Quite a while ago I read The Calligrapher's Daughter. It was terrific. At the time I was shocked to realize that novel was the first book I ever read that was set in Korea. That's odd for a lifetime of reading, don't you think? Finally going on two years later I have read my second novel set in Korea, Please Look After Mom by Kyung-sook Shin. Two books in decades of reading? It makes me wonder where Publishers have been keeping Korea.
Please Look After Mom is an excellent, contemporary novel set in Seoul. In it a Mother goes missing at a subway station. The story of her disappearance is told in turns by her daughter, son, husband and the Mother, Park So-nyo, herself. From what I've read Please Look After Mom was a big bestseller in Korea and Shin has written several novels that have been both commercial successes and prize winners in her homeland. This is her first novel to be translated into English.

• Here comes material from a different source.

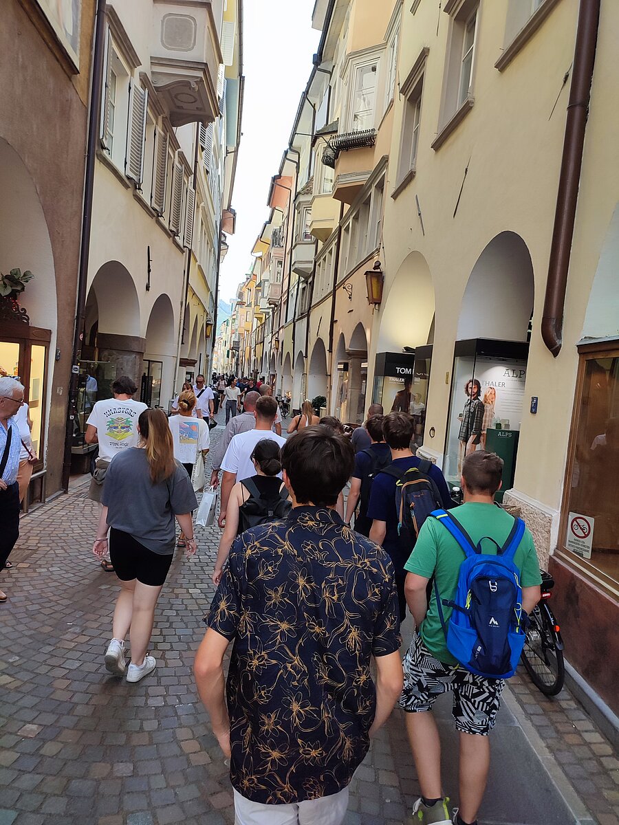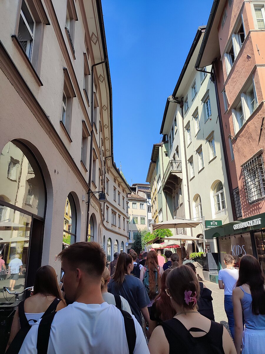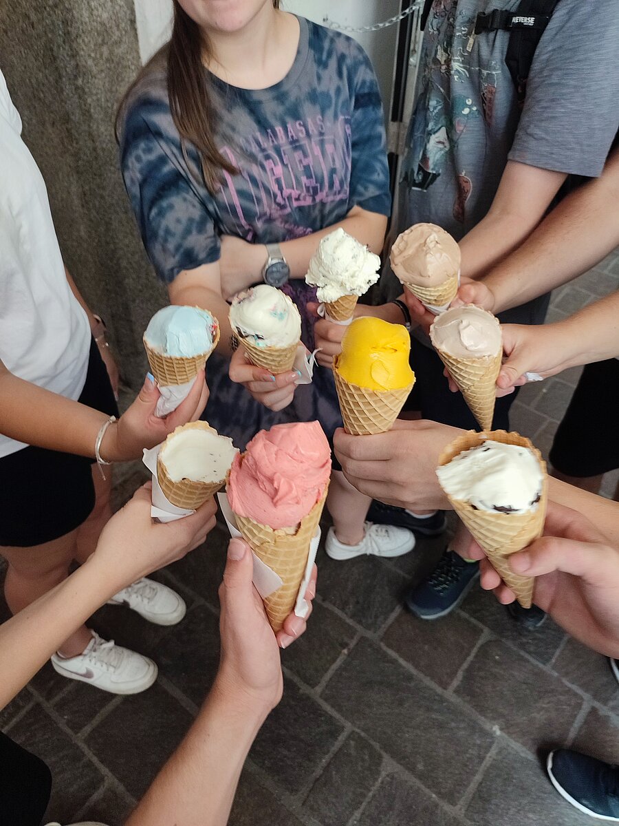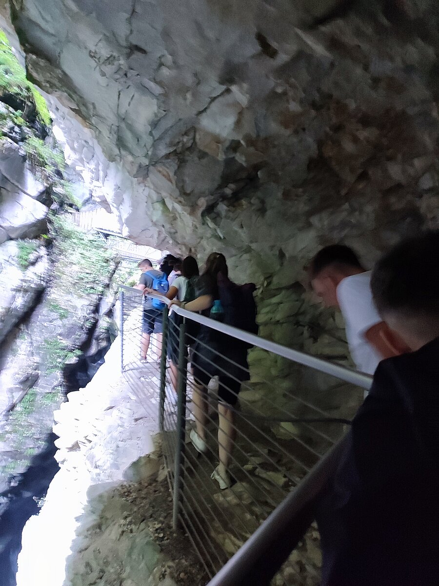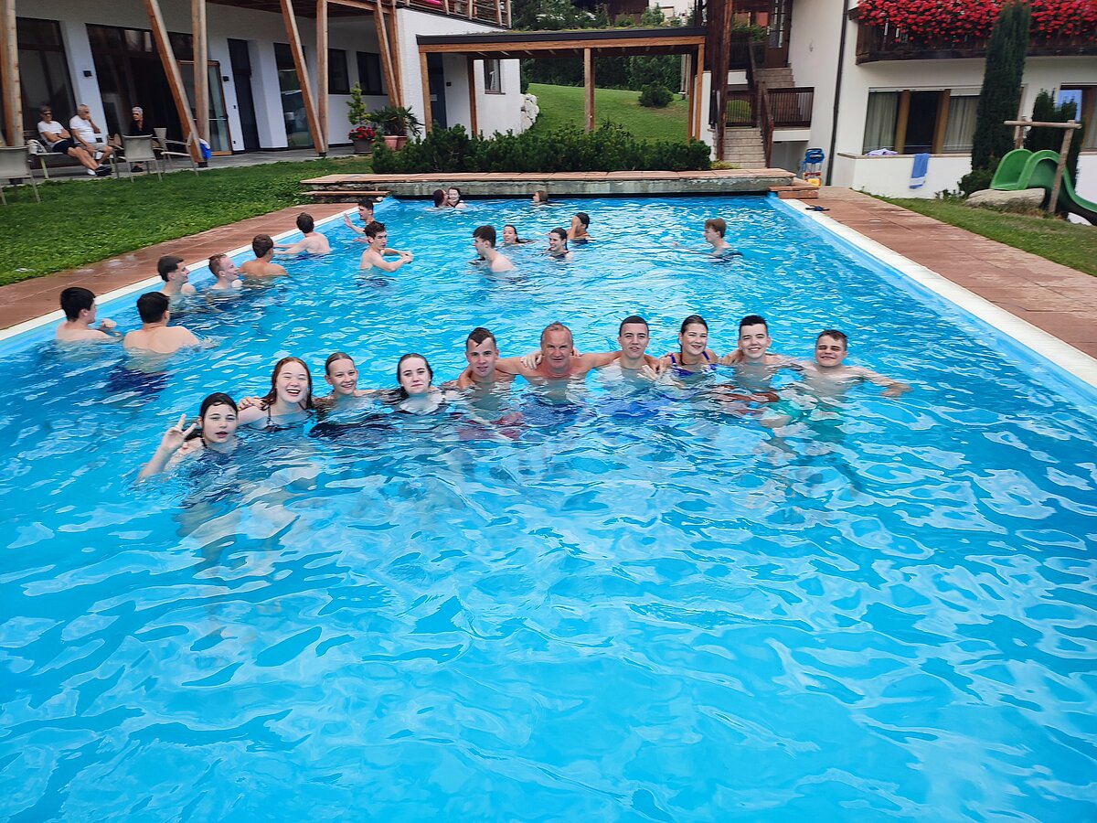 Am Dienstag-Morgen standen wir um 7:00 Uhr auf, um nach dem reichhaltigen Frühstück die Fahrt zur „Gilfenklamm“ anzutreten. Angekommen erwartete uns ein dreißigminütiger Fußmarsch bis zur Klamm. Durch die enge Schlucht ging es immer weiter hinauf, während man türkis-blaues Wasser und beeindruckende Wasserfälle bestaunen konnte. Erschöpft oben angekommen, legten wir eine kurze Pause ein, bevor wir der kleinen Kapelle auf dem Berg einen Besuch abstatteten. Nachdem wir den Abstieg geschafft hatten, ging es für uns weiter mit dem Bus nach Brixen. Dort angelangt, durften wir in Gruppen die Stadt erkunden. Echtes, italienisches „Gelato“ (Eis) versüßte uns den heißen Sommertag. Am Nachmittag freuten sich alle auf das kühlende Nass. Mit unseren Lehrern endete der Abend auf dem Balkon.

It happens at a busy subway stop. Father is aggressive, rushing, Mother lags behind for a moment and suddenly they are separated. The family is understandably upset. As hours turn into days and days turn into weeks everyone has plenty of time for anxious reflection. They try to reconcile the powerhouse, invincible Mother they knew with the old woman she has become and the vacancy she has left. They wonder at the lengths she has gone to, the sacrifice of self she has made to give them all as much as she could toward what they want. They are by turns: devastated, hopeful, resentful, thankful and finally desperate to find out what has happened.
As with any crisis, events lead family members to question their relationships, to examine the past with fresh eyes. Park is illiterate, a farmer's wife, a woman with seemingly no worldly experience. She has played the role of the traditional Korean housewife. Shin uses Park's husband and eldest son and daughter as the guides in exposing who this missing woman is, all that she has done and how she has been viewed and treated. Mother's physical disappearance is recent but her absence from their lives as the figure they knew has been coming on for years. The woman they love and need verses the elderly shell described in the missing posters is a powerfully disturbing for all of them.
It is impossible to read a novel like this and not put yourself emotionally into everything the family is experiencing in a very personal way. However Please Look After Mom is no old fashioned, florid, mother-love saga like the kind Fannie Hurst and Edna Ferber used to write or something you see on the Hallmark channel. The four singular voices Shin created aren't manipulated by her for cheap sentiment. Shin uses quiet, precise writing to gain your empathy for her characters, the urgency of the search and show us the changes happening in Korea. The characters are on a journey that will teach them all they don't know and what they value. Shin shows us how a break can occur in any family, in any culture, no matter how strong.
P.S. The title? I don't know if the title is a literal translation of the Korean title or not. Please Look After Mom. It has an odd feel to it doesn't it? It's a sentence. The cover? It looks as if should have a 'movie tie in' banner across the bottom.